Action item :: Copy the lines below exactly, starting at the one with "그리고 고객의 소리함으로" and ending at the one with "LGBT set icon.", and leave out any picture.

Material provided ::
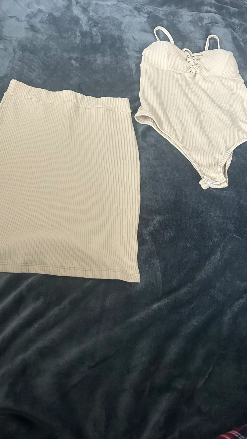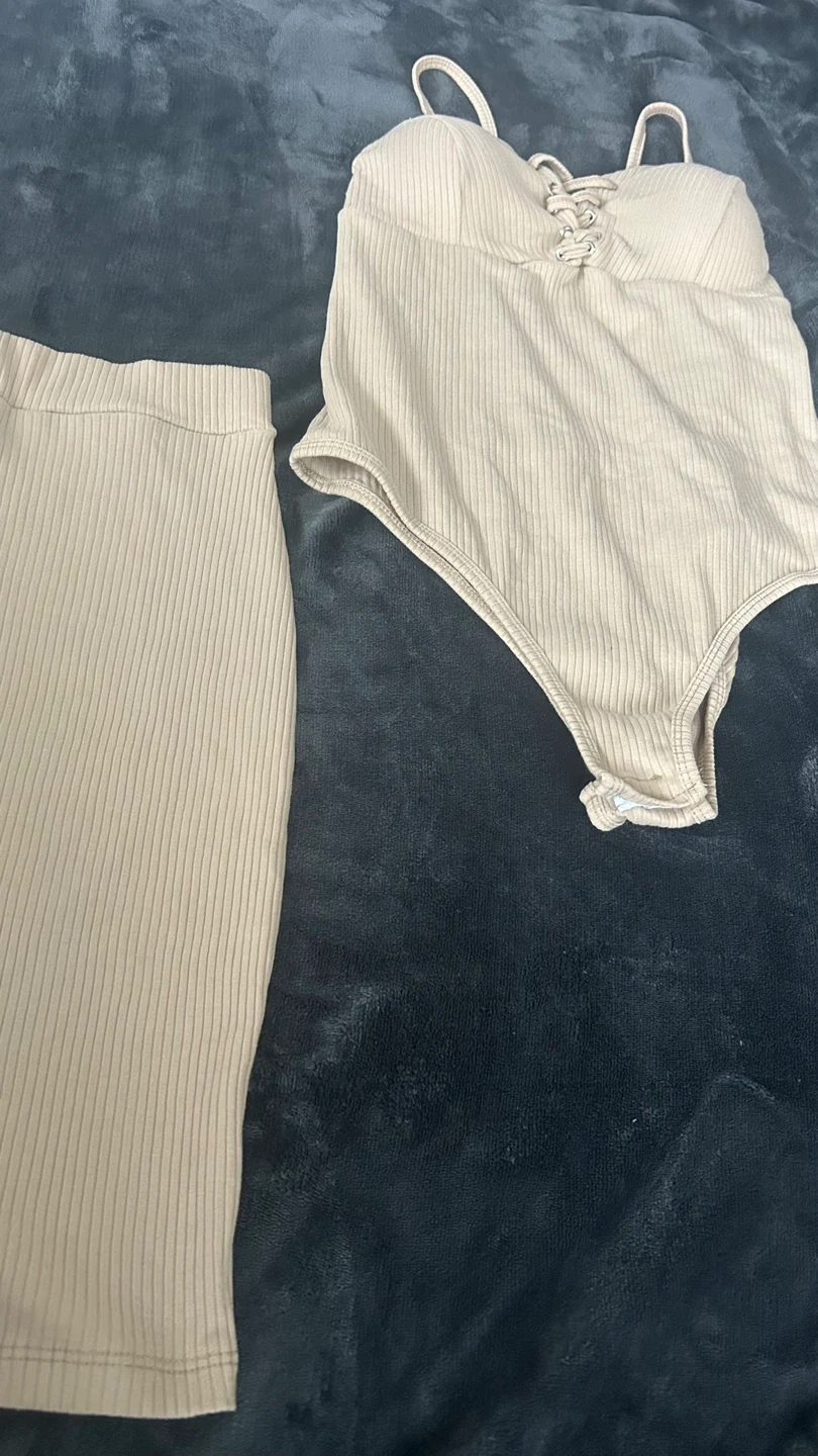 Selling a matching beige bodysuit and skirt set. The material is ribbed and stretchy, and both pieces are in great condition. Perfect for a night out or a casual day!
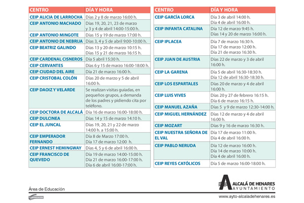 La Concejalía de Educación de Alcalá de Henares informa de la organización de Jornadas de Puertas Abiertas en los Centros de Educación Primaria de Alcalá de Henares.
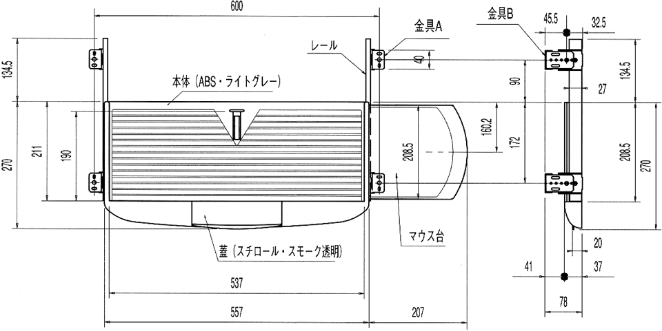 <拡大> *側面図にはマウストレーが含まれていません。
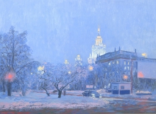 Twilight. View Of Moscow State University Building - oil, canvas
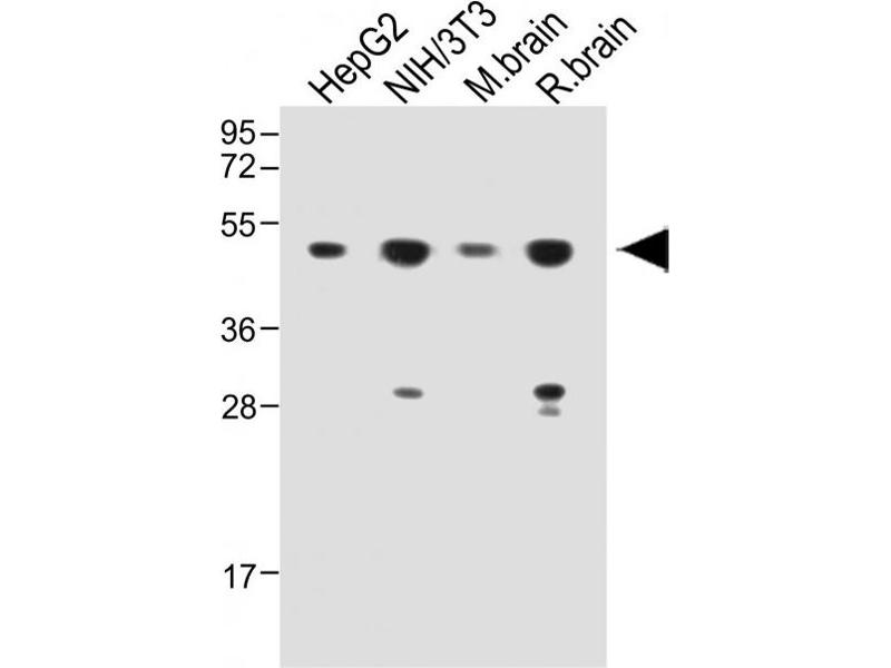 This HARS antibody is generated from rabbits immunized with a KLH conjugated synthetic peptide between 49-78 amino acids from the N-terminal region of human HARS.
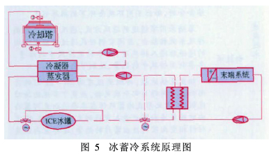 冰蓄冷是利用冰的相变潜热进行冷量储存的一种供冷系统(见图5)。它利用夜间的低谷用电进行蓄冰制冷,将能源以冰的形式储存;在白天高峰用电期间,则通过融冰释放的冷量供给空调系统使用。
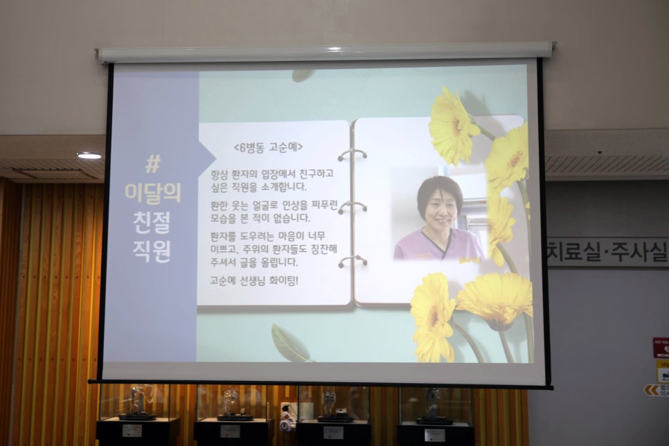 그리고 고객의 소리함으로 전달된 환자분들의 감사의 편지가 있었는데요. 6병동 고순예 선생님은 항상 웃는 얼굴로 환자를 도우려는 마음이 너무 이쁘다고 전해주셨습니다.
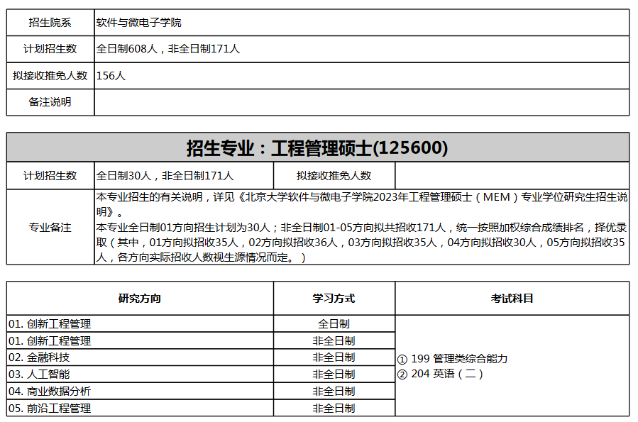 北京大学软件与微电子学院工程管理硕士MEM2023级全日制计划招生30人,非全日制计划招生171人,全日制学费9.9万元全程,非全日制学费18.8万全程,学制均为2年。
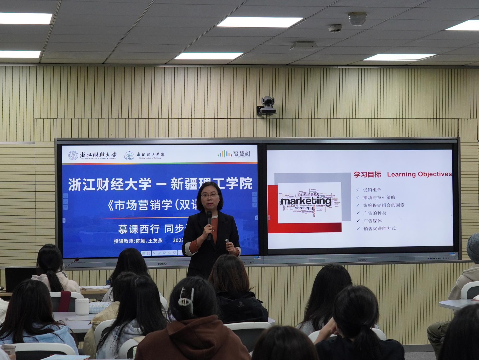 与新疆理工学院就《市场营销学(双语)》课程,通过智慧树平台开展了跨越4700公里的同步课堂活动,得到两校师生高度好评。
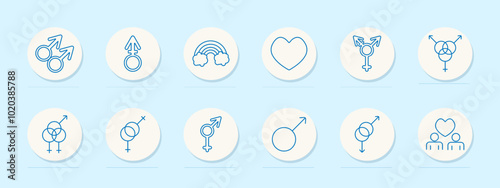 LGBT set icon. Male-male, female-male, rainbow, heart, intersex, trans, arrow, partnership, connected symbols, couple with heart
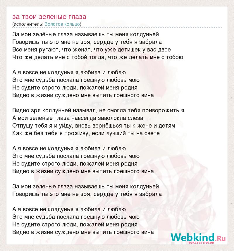 За мои зелёные глаза называешь ты меня колдуньей Говоришь ты это мне не зря, сердце у тебя я забрала Все меня ругают, что женат, что уже детишек у вас двое Что же делать мне с тобой тогда, что же делать мне с тобою А я вовсе не колдунья я любила и люблю Это мне судьба послала грешную любовь мою Не судите строго люди, пожалей меня родня Видно в жизни суждено мне выпить грешного вина Видно зря колдуньей называл, не смогла тебя приворожить я А мои зеленые глаза навсегда заволокла слеза Отпущу тебя я и уйду, вновь вернёшься ты к жене и детям Как же без тебя я проживу, если лучший ты на свете А я вовсе не колдунья я любила и люблю Это мне судьба послала грешную любовь мою Не судите строго люди, пожалей меня родня Видно в жизни суждено мне выпить грешного вина За мои зеленые глаза называешь ты меня колдуньей Говоришь ты это мне не зря, сердце у тебя я забрала А я вовсе не колдунья я любила и люблю Это мне судьба послала грешную любовь мою Не судите строго люди, пожалей меня родня Видно в жизни суждено мне выпить грешного вина
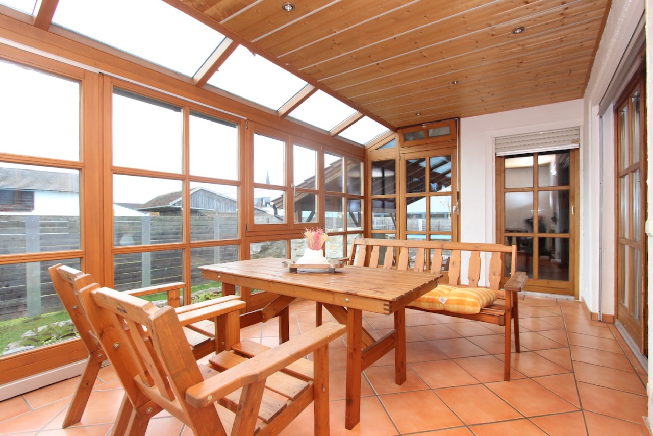 Vom Wohnzimmer wie auch vom Esszimmer aus kann der beheizbare Wintergarten betreten werden. Über den Wintergarten kann die komplett überdachte Terrasse im eignen Garten erreicht werden. An sonnigen Tagen sorgt der große aufgestellte Pool für Abkühlung.
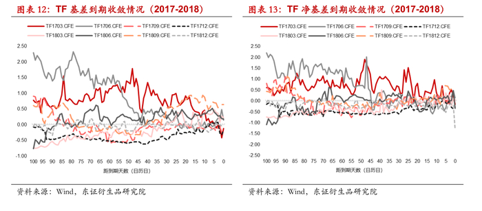 此外移仓换月行为对国债期货跨期价差具有较大的影响,一般当IRR较高时,由于空头获利较多更倾向于进入交割,导致多头主导移仓,可能导致跨期价差上升,反之则跨期价差降低,基差水平与跨期价差的分析是相互结合的。
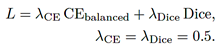 Las clases semánticas se consideran mutuamente excluyentes y la cabeza final de predicción emplea una activación softmax de 22 vías. En consecuencia, el objetivo de entrenamiento se define mediante una función de pérdida compuesta que combina una pérdida de Entropía Cruzada balanceada por clase con una pérdida Dice suavizada, con el fin de mitigar el desbalance de clases y mejorar la superposición espacial de las regiones segmentadas, ver ecuación (1):
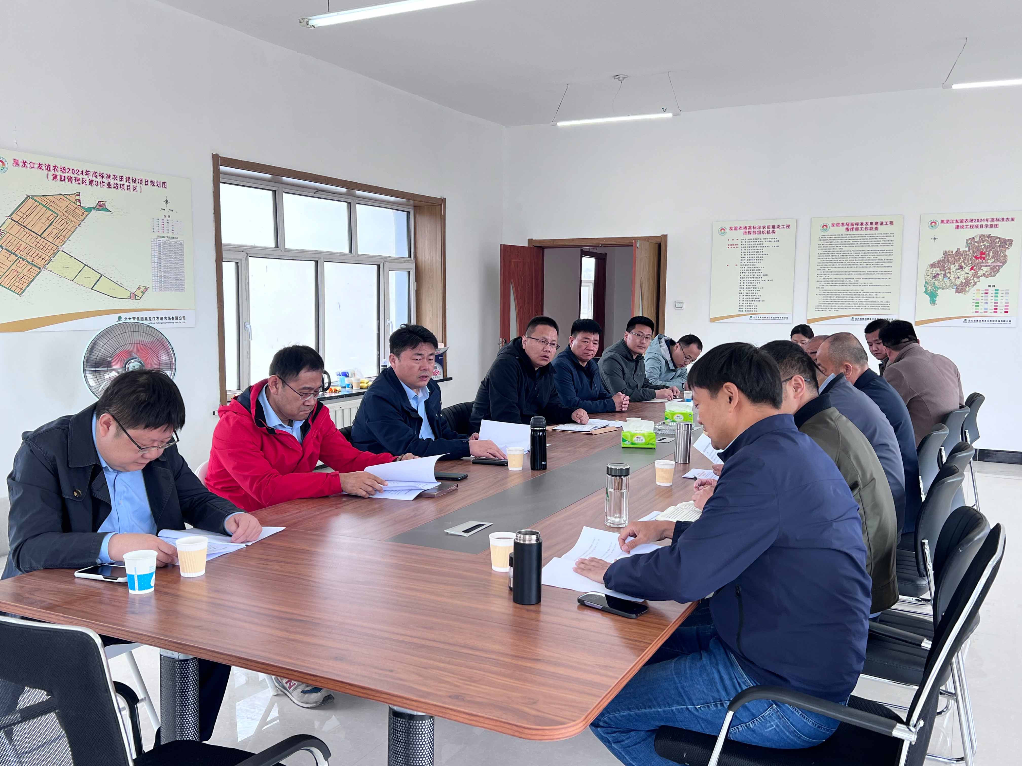 裴文晶一行首先来到黑龙江省粮食产能提升项目了解项目进展,并同项目部一线人员进行交流。随后,调研组来到黑龙江友谊农场2024年高标准农田建设项目,同北大荒集团黑龙江友谊农场有限8xbet体育副总经理樊庆华进行会谈。双方对当前项目的总体进度、面临的机遇和挑战进行了分析和研讨,并对下一步如何加强合作进行深入交流,展望两家省级国有企业合作的未来,努力发挥山东水总基础建设和北大荒集团农业生产运营的优势,打造出“1+1>2”的效果。
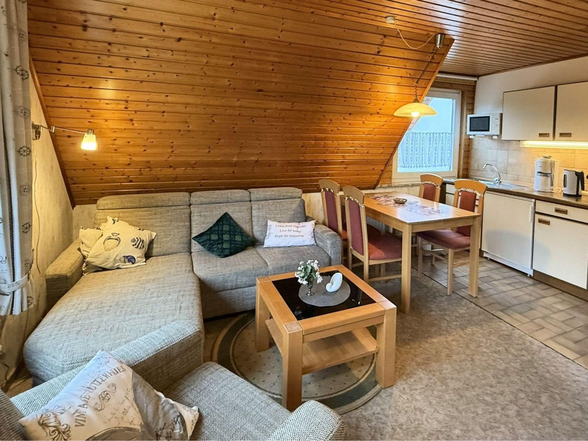 Die Wohnung liegt in der 1. Etage mit wunderschönem Ausblick ins Grüne. Sie besteht aus 2 Zimmern (Wohn-/Schlafraum und Kinderzimmer), Duschbad mit WC und Flur. Die Küchenzeile ist integriert. Eine Terrasse befindet sich im Garten.
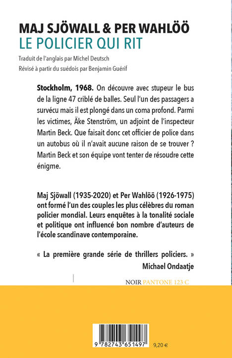 Maj Sjöwall (1935-2020) et Per Wahlöö (1926-1975) ont formé l'un des couples les plus célèbres du roman policier mondial. Leurs enquêtes à la tonalité sociale et politique ont influencé bon nombre d'auteurs de l'école scandinave contemporaine.
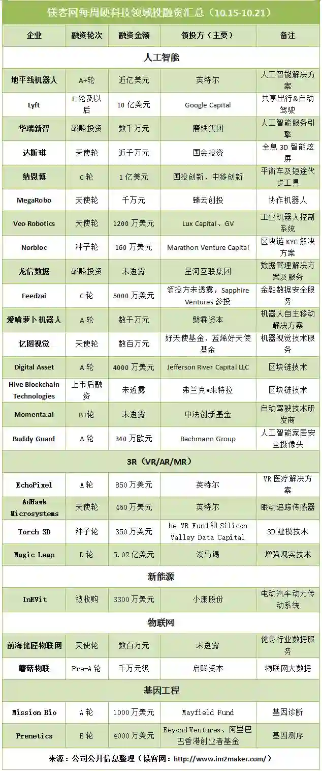 在本周的投融资中,最引人关注的共有3起投融资事件,分别是谷歌对于Lyft的投资,英特尔对于地平线机器人的投资以及Magic LeapE轮融资。前两起事件体现了谷歌和英特尔两大巨头对于自动驾驶的关注和布局,再次验证了自动驾驶是未来趋势。至于Magic Leap的融资,此前曾有传言其将在接下来的6个月内推出自己的首款产品,而对于这一笔融资作何用处,我们暂时还不知晓。
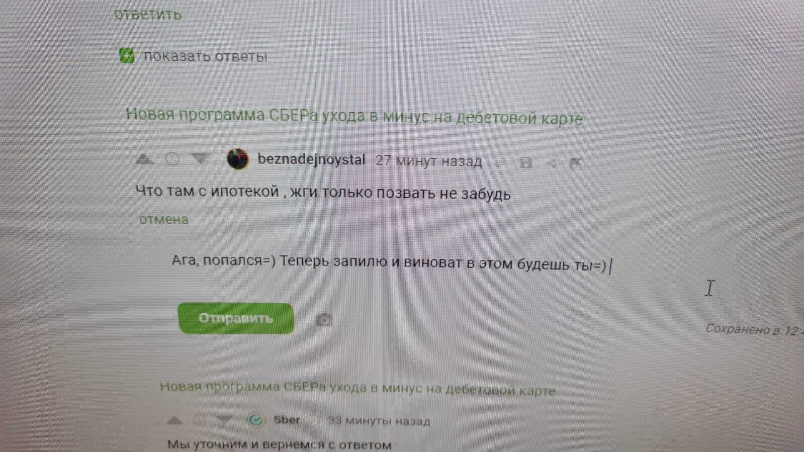 Первое шоковое состояние - как на дебетовой карте можно уйти в минус? Покурив гугол оказывается можно, только за обслуживание я не плачу, все подписки и интернет покупки на отдельной карте с балансом 0 рублей 00 копеек и пополняются только перед покупкой, валюту я не покупал. Тогда откуда минус? Ну давайте звонить в 900 и выяснять - «Где деньги, Билли?». Робот сдался быстро и я устремился к оператору, который ответил - наверное, вы что-то купили. Ага, купил, и даже ни один раз, но когда на карте заканчиваются деньги - был уверен, что схема оплаты покупок картой следующая: если на карте 100 рублей а я пытаюсь что то купить на 2000, в моем мире, с единорогами и радугой, приходит ответ - недостаточно средств. Хорошо, наверное, новая программа ухода в минус от сбербанка. Тогда скажи мне человек ученый а что, где и когда я купил? В ответ тишина, потом - подождите минуточку и опять тишина и так по кругу. Спустя 10 минут: я не могу понять что случилось переключу вас другому специалисту - уже интересно. Другой специалист начал предполагать, понимаете уровень да? Не говорить что и где я купил а говорить, может у вас подписка списалась? А может купили что то. Афигенно, а в детализации платежей это отображаться не должно? Должно. А где? А нету. Оставляйте заявку мы разберемся в течении 10 дней. Ага. И этого поста бы, наверное и не было, только вот дела удивительные творятся в нашем Сбере. Вот скриншот с номером обращениями и текстом ответа на обращение.
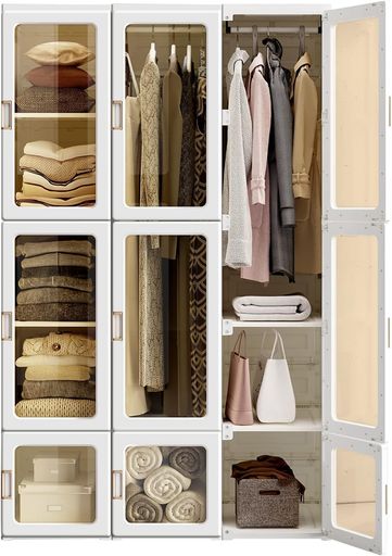 ■Mayi Box ワードローブ クローゼット 一体折りたたみ式 収納 扉付き 洋服ダンス ハンガーラック 大容量 衣類 雑物 防塵 省スペース 高耐

Reply ::
 그리고 고객의 소리함으로 전달된 환자분들의 감사의 편지가 있었는데요. 6병동 고순예 선생님은 항상 웃는 얼굴로 환자를 도우려는 마음이 너무 이쁘다고 전해주셨습니다.
 北京大学软件与微电子学院工程管理硕士MEM2023级全日制计划招生30人,非全日制计划招生171人,全日制学费9.9万元全程,非全日制学费18.8万全程,学制均为2年。
 与新疆理工学院就《市场营销学(双语)》课程,通过智慧树平台开展了跨越4700公里的同步课堂活动,得到两校师生高度好评。
 LGBT set icon. Male-male, female-male, rainbow, heart, intersex, trans, arrow, partnership, connected symbols, couple with heart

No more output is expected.